Exercise details
In the records below, repeat word for word only the lines starting at the one that contains "Inside, the open-plan" and ending at the one that contains "危險廢物管理臺帳統計匯總表(產生單位用)", pictures excluded.

Exercise input

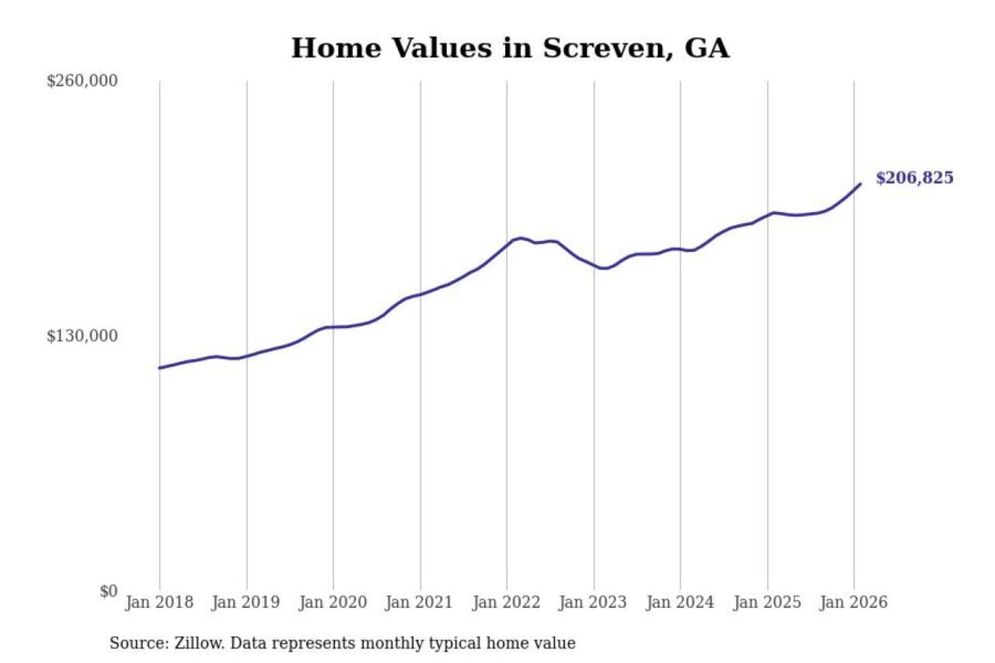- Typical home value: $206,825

* * *

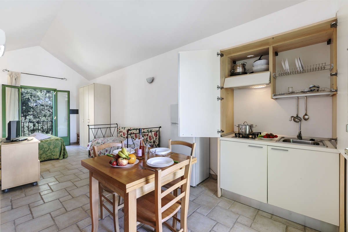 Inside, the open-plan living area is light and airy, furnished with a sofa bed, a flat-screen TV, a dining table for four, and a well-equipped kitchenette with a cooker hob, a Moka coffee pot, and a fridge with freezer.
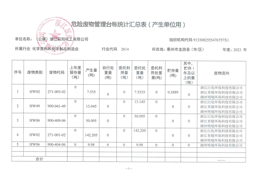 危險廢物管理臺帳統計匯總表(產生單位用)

--

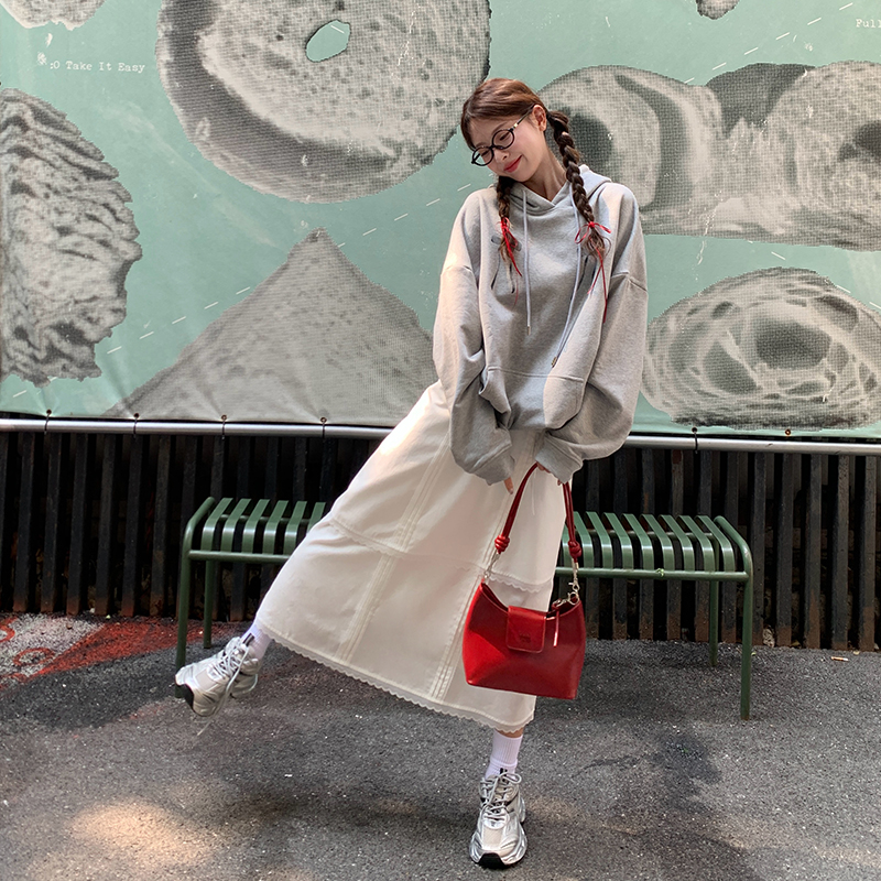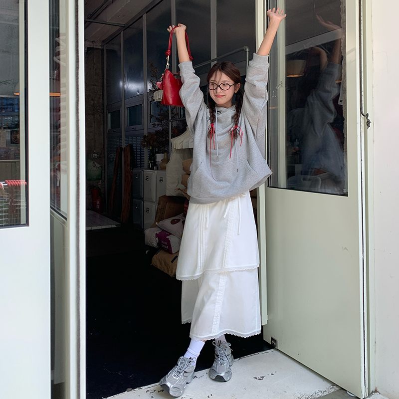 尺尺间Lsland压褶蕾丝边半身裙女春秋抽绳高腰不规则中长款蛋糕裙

Written solution
 Inside, the open-plan living area is light and airy, furnished with a sofa bed, a flat-screen TV, a dining table for four, and a well-equipped kitchenette with a cooker hob, a Moka coffee pot, and a fridge with freezer.
 危險廢物管理臺帳統計匯總表(產生單位用)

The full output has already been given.